Determined to be physically healthy, based on medical history and physical examination and approval of the study physician
Age 18 to 70 years, inclusive
Self-identified European ancestry
Meets DSM-5 criteria for AUD
Average weekly ethanol consumption of >24 standard drinks for men and >18 standard drinks for women, with a weekly average of > 2 HDDs during the month before screening
Stated goal to reduce drinking to safe levels or to stop drinking
Able to read English at an 8th grade or higher level and no gross cognitive impairment
Willingness to nominate an individual who will know the subject's whereabouts to facilitate follow up during the study
Women of child-bearing potential (i.e., who have not had a hysterectomy, bilateral oophorectomy, tubal ligation or is less than two years postmenopausal): must be non-lactating and practicing a reliable method of birth control, and have a negative urine pregnancy test prior to the initiation of treatment. Examples of medically acceptable methods for this protocol include: the birth control pill, intrauterine device, injection of Depo-Provera, Norplant, contraceptive patch, contraceptive ring, double-barrier methods (such as condoms and diaphragm/spermicide), male partner sterilization, abstinence (and agreement to continue abstinence or to use an acceptable method of contraception, as listed above, should sexual activity commence), and tubal ligation.
Willingness to provide signed, informed consent and commit to completing the procedures in the study

Exclusion Criteria

A current, clinically significant physical disease or abnormality on the basis of medical history, physical examination, or routine laboratory evaluation, including direct bilirubin elevations of >110% or a transaminase elevation >300% of normal
A history of nephrolithiasis
A history of glaucoma
Current treatment with carbonic anhydrase inhibitors, due to the added risk of metabolic acidosis.
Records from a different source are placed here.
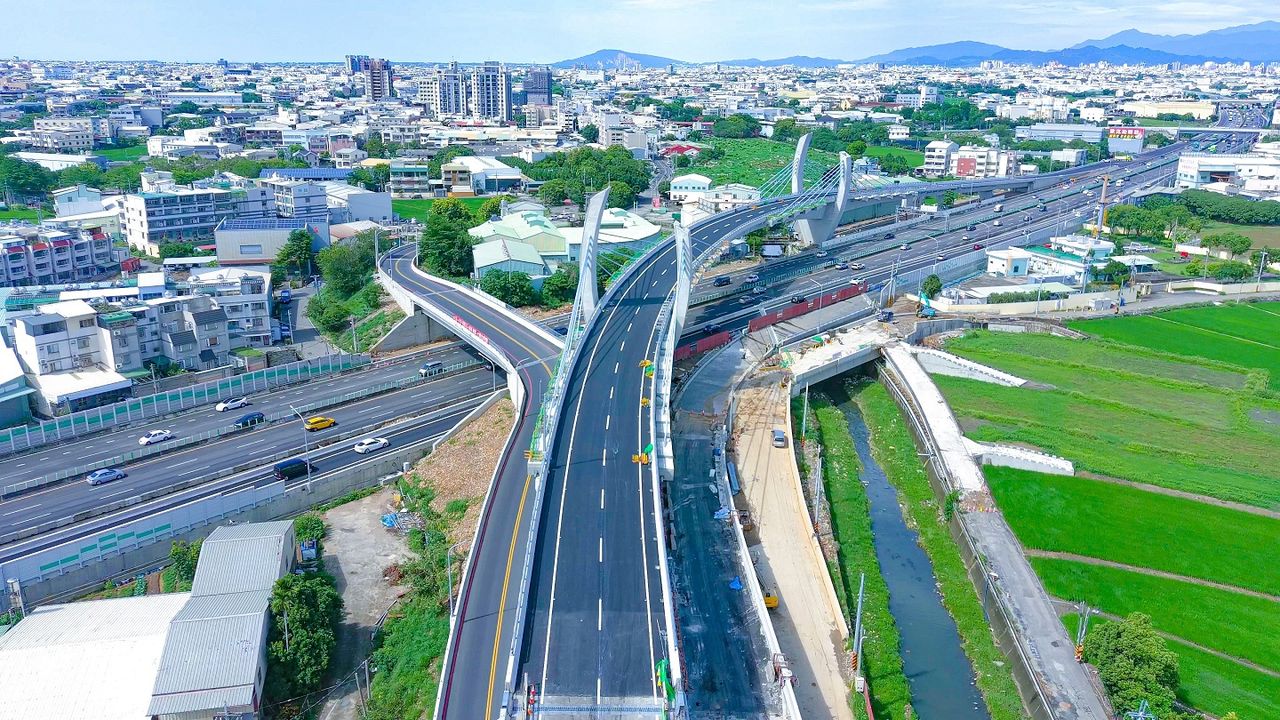高公局指出,該工程計畫總經費62.6億元,施工期間遭遇疫情、缺工缺料以及自來水管線、天然氣管線遷移等施工障礙,施工團隊除調整施工優先順序外,為了降低橋梁施工作業對用路人的影響,採用大跨度脊背橋及頂昇橫移工法施作跨越國道1號的橋梁,並大量利用夜間離峰時進行交維改道施工,終能克服困難提前通車。
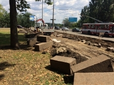 При этом, несмотря на то, что тендерная процедура не завершена, сегодня, 1 августа на данном участке уже проводятся работы по реконструкции дороги. Так, сотрудники неизвестной компании демонтировали бордюры, сняли верхний слой асфальта, установили новые опоры для уличных фонарей и линий для троллейбуса, демонтаж старого плиточного покрытия, а также фундамента остановочного комплекса, который стоял на этом месте ранее.
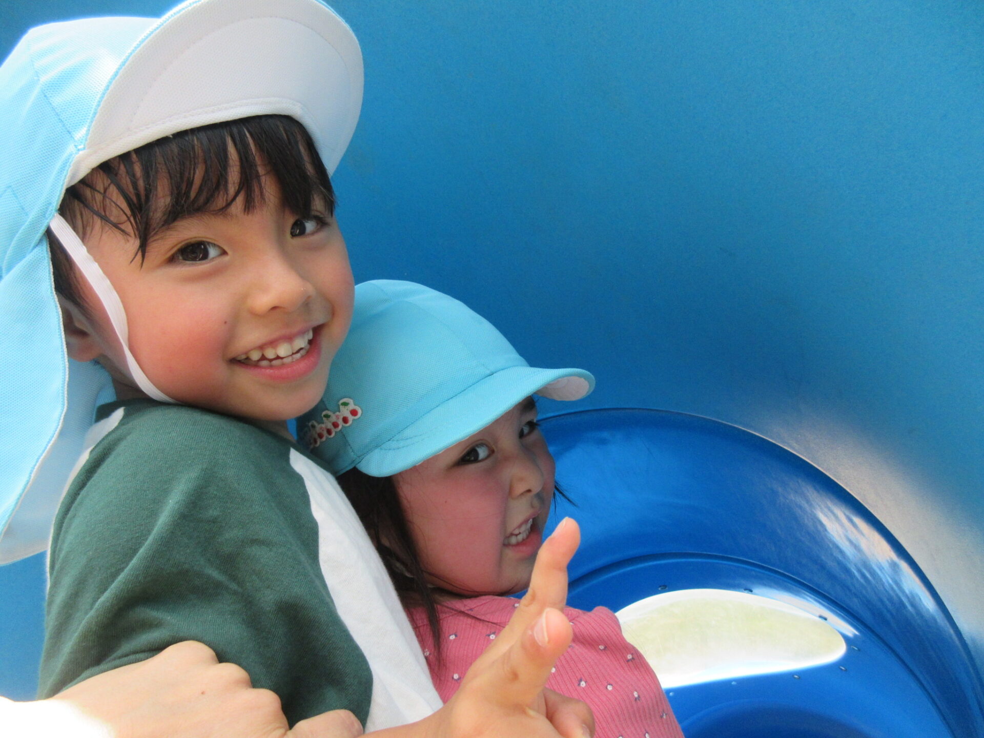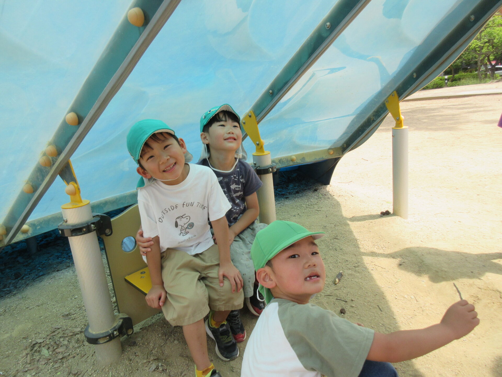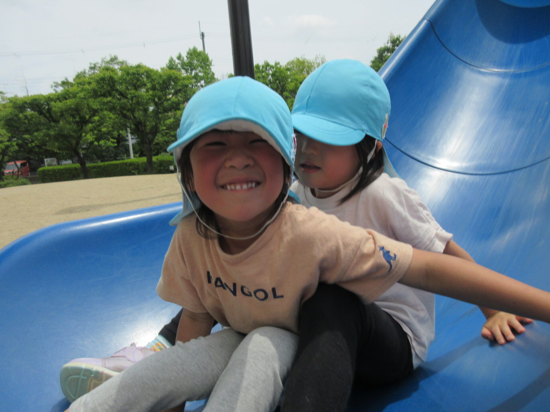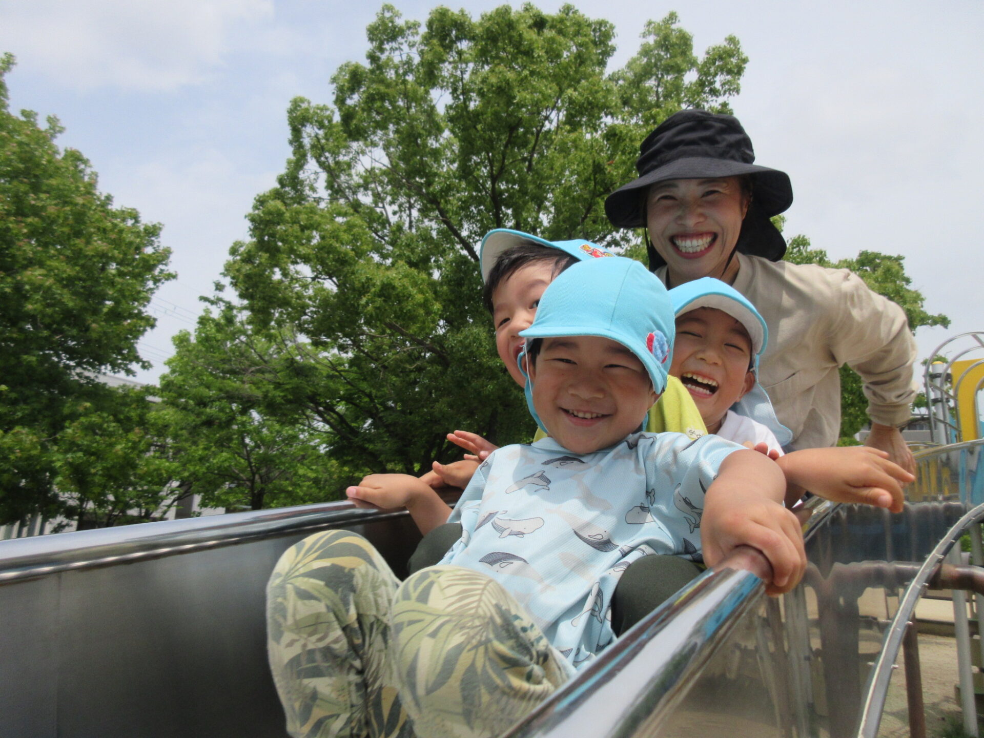 上は滑り台😄滑るお友だちの影が
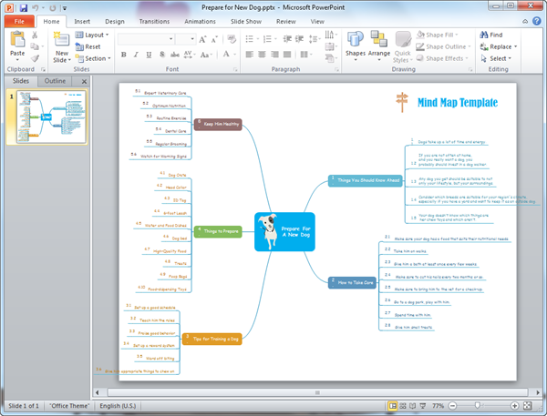Le modèle pour la création simple de carte mentale en PowerPoint est offert gratuitement. Il prend en charge PowerPoint en version 2007+.
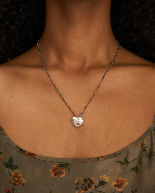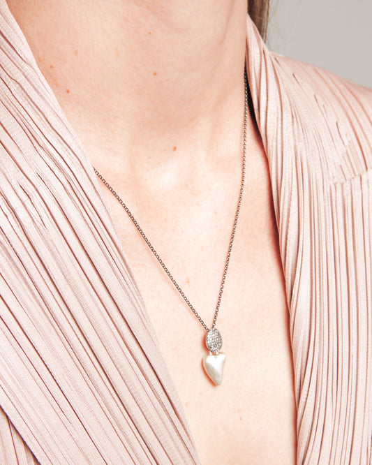 Pe Icy Grey Diamond Shine Heart Necklace
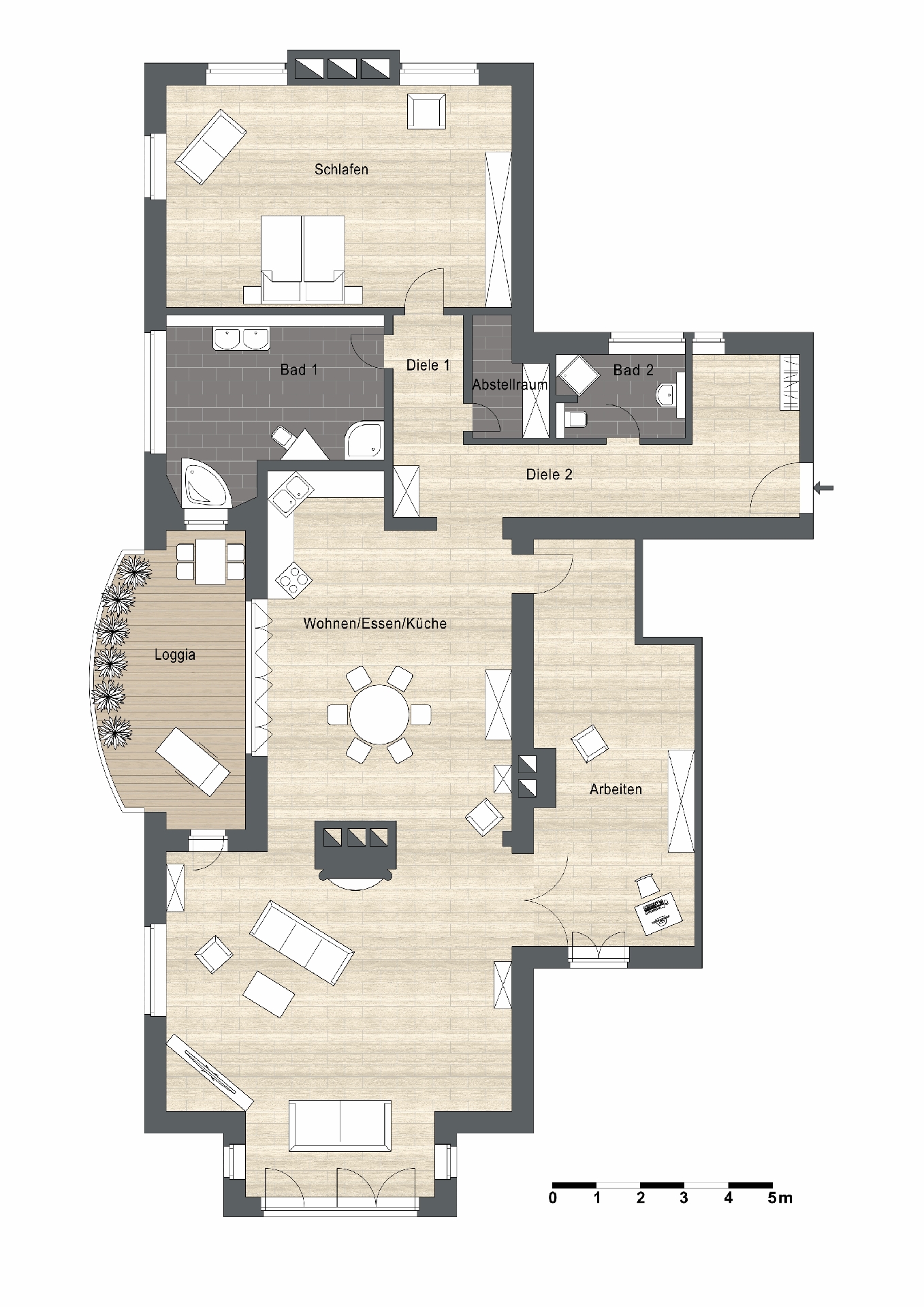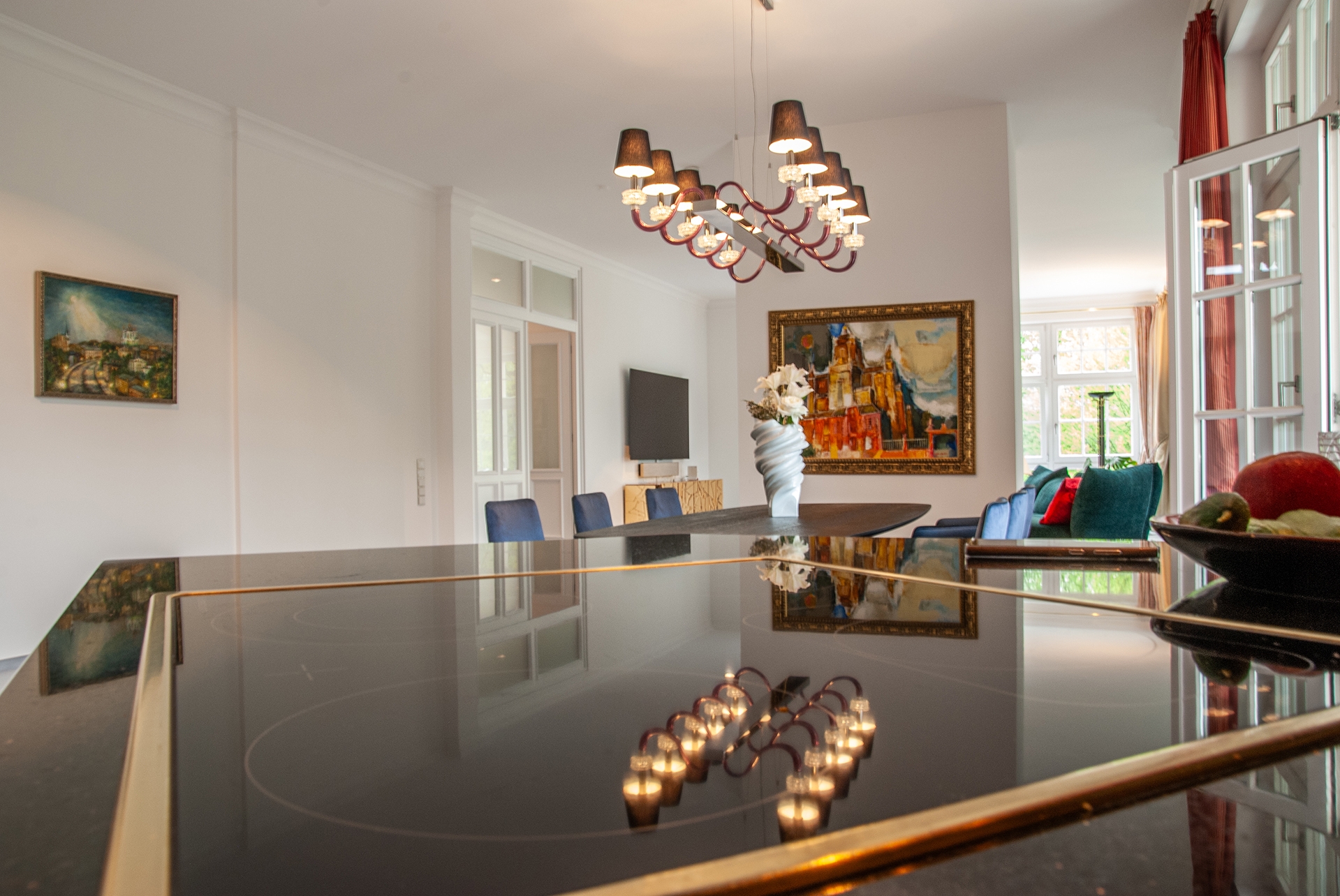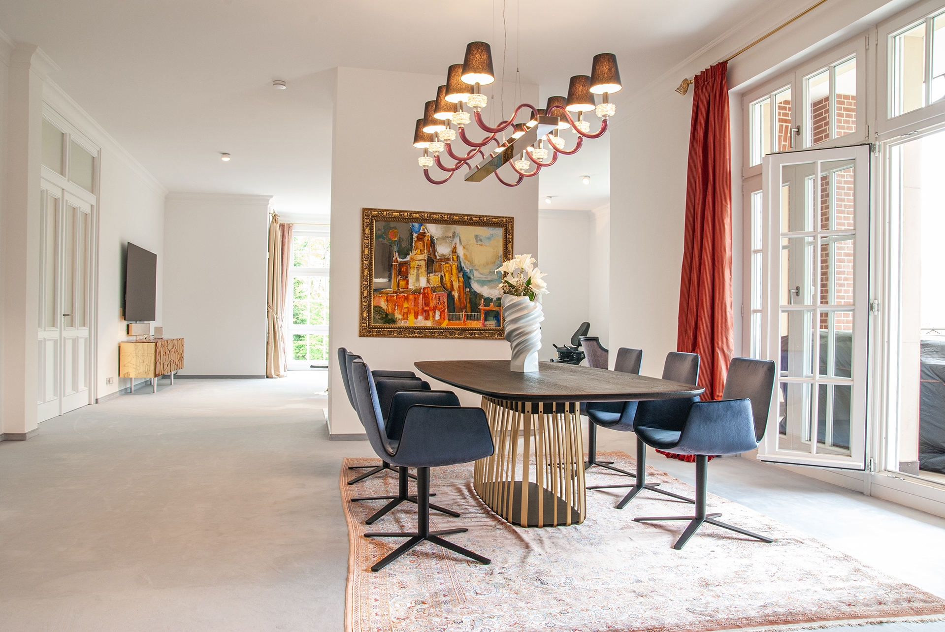 Eingebettet in einen Park mit historischen Villen, liegt die repräsentative Drei-Zimmer-Wohnung in exklusiver Lage. Die denkmalgeschützten Gebäude der individuellen Anlage, die im Jahr 1912 im Stil eines englischen Herrenhauses errichtet wurden, erfuhren 2001 eine aufwändige Sanierung. Das außergewöhnliche Anwesen umfasst zehn Wohneinheiten. Die private Zufahrt des Parkes garantiert Privatsphäre und ist darüber hinaus ein Sicherheitsaspekt. Die Wohnung befindet sich im ersten Obergeschoss und verfügt übe eine Größe von ca. 237 m² mit einem durchdachten Grundriss. Ein Aufzug verbindet alle Etagen vom Untergeschoss bis ins Dachgeschoss. Die beeindruckende Deckenhöhe von etwa 3,20 Metern verleiht den Räumen eine besondere Großzügigkeit und Eleganz. Zu den Besonderheiten der Wohnung zählt die nach Süden ausgerichtete Loggia, die in den wärmeren Monaten mit der wunderschönen Aussicht zum zentralen Rückzugsort werden kann. Hier genießen Sie Ruhe und Entspannung mit Blick auf die gepflegte Parklandschaft ein idealer Ort, um dem hektischen Alltag zu entfliehen. Die Wohnung begeistert mit einer hochwertigen und exklusiven Ausstattung, die ihr ein edles und stilvolles Erscheinungsbild verleiht. Dank des gelungenen Schnitts eignet sich die Immobilie sowohl für Paare als auch für Familien hervorragend. Auch das Wohnen und Arbeiten lässt sich hier auf stilvolle Weise vereinen. Drei große Einzelstellplätze in der hauseigenen Tiefgarage, können erworben werden, runden dieses Angebot ab. Die Wohnung erfüllt höchste Ansprüche an exklusives Wohnen und überzeugt zugleich durch ihre hervorragende Anbindung an Essen und Düsseldorf.
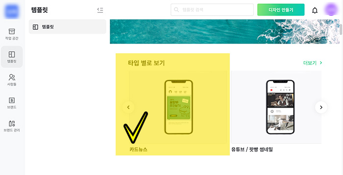 2. 미리캔버스에서 템플릿을 선택하면 "타입 별로 보기"에서 원하는 디자인 타입을 고릅니다. 블로그 썸네일의 카테고리는 없어서 정사각형의 이미지 템플릿이 있을법한 "카드뉴스"와 "소셜 미디어 정사각형"에서 고르면좋겠죠. 저는 그냥 카드뉴스에서 템플릿을 골랐습니다.
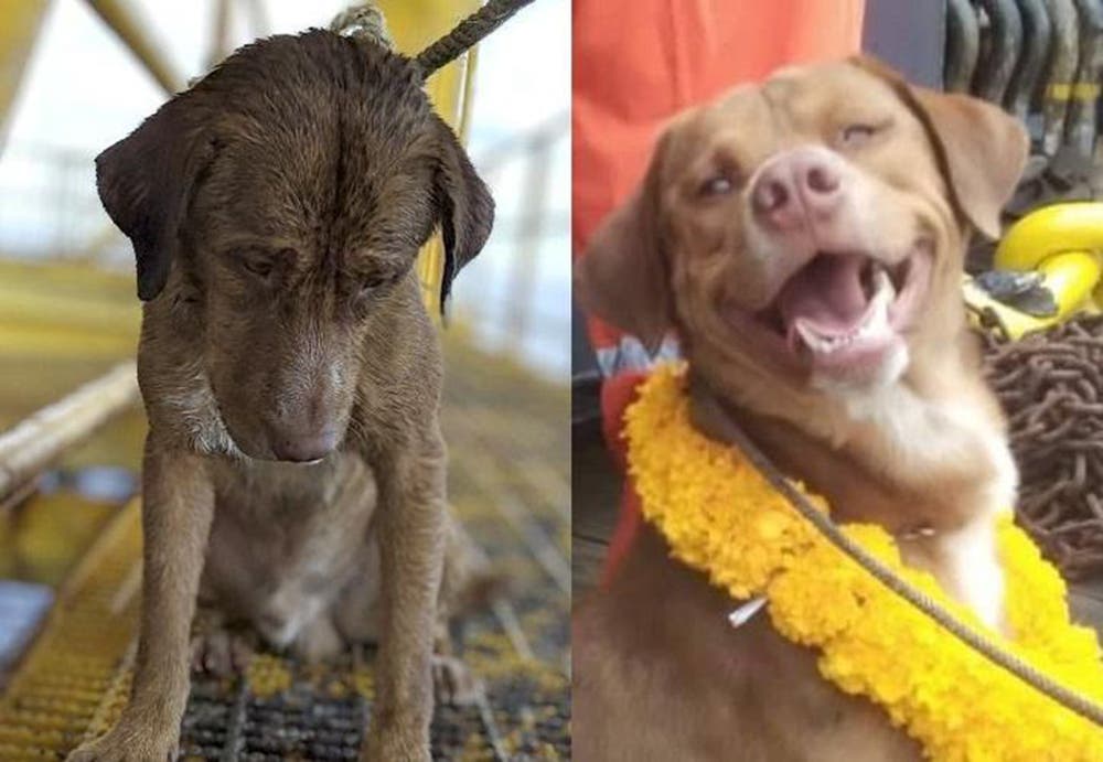 Luego, un barco que transporta víveres y agua a la instalación de crudo trasladó al perro a la provincia de Songkhla, en el sur de Tailandia.
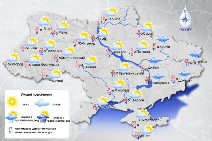 Згідно з прогнозом, температура вночі на заході – 7-12°, у південних областях 11-16°; вдень 17-22°, на Закарпатті та Прикарпатті місцями 23-25°; на високогір'ї Карпат вночі 4-9° тепла, вдень 13-18°.
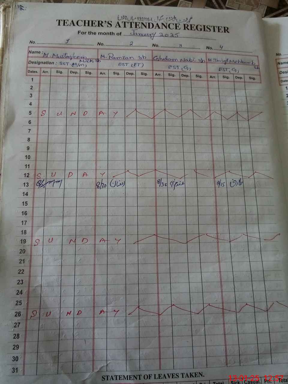 | CNIC | Full Name | Designation | R/C | Absence During Last Calender Month |
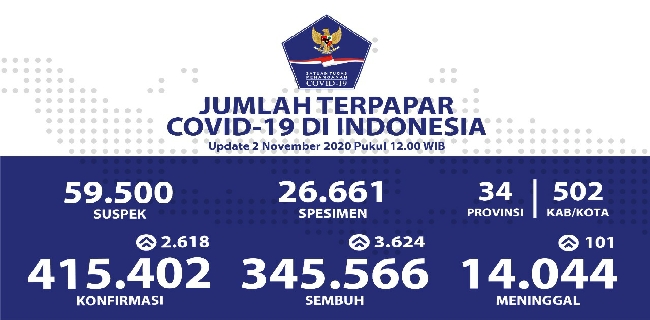 Berdasarkan data yang dirilis Satuan Tugas (Satgas) Penanganan Covid-19 per Senin (2/11), jumlah tambahan kasus meninggal hari ini tercatat 101 orang. Secara total, jumlahnya kini menjadi 14.044 orang.
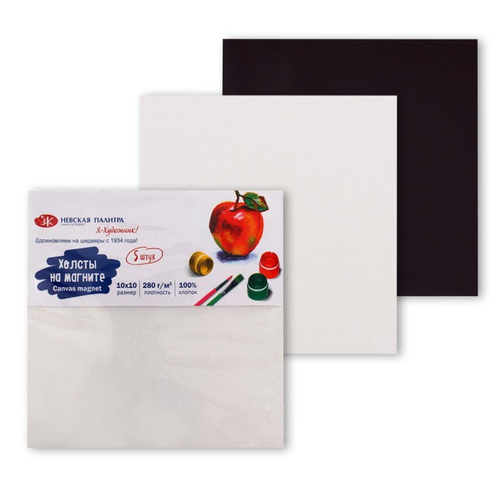 Холст-магнит набор 5 штук, 3 мм, 10 х 10 см, 280 г/м², квадратные, пакет с европодвесом
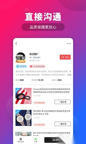 这是一款面向微商、代购等社交电商从业者的货源服务工具,主要功能包括货源查找、分销合作、商品分享以及高效的转发铺货展示。同时,平台还提供一件代发、7天无理由退换货、快速发货等配套服务支持。

Current, serious psychiatric illness (i.e., schizophrenia, bipolar disorder, severe or psychotic major depression, panic disorder, borderline or antisocial personality disorder, organic mood or mental disorders, eating disorder, or imminent suicide or violence risk)
Current DSM-IV diagnosis of dependence on a drug other than alcohol or nicotine
A history of hypersensitivity to topiramate
Current regular treatment with a psychotropic medication (e.g., benzodiazepines, antidepressants), which affect neurotransmitter systems, or a medication to treat alcohol dependence
Currently taking any tricyclic antidepressant (e.g., Adapin (doxepin), Anafranil (clomipramine), Elavil (amitryptyline), Pamelor (nortryptyline), Tofranil (imipramine), Sinequan (doxepin)
Urine drug screen positive for recent use of opioids, cocaine, or amphetamines (may be repeated once and if the result is negative on repeat it is not exclusionary)
Because co-administration of topiramate with dolutegravir reduced plasma concentrations of the antiretroviral through induction of CYP3A, the use of dolutegravir is exclusionary.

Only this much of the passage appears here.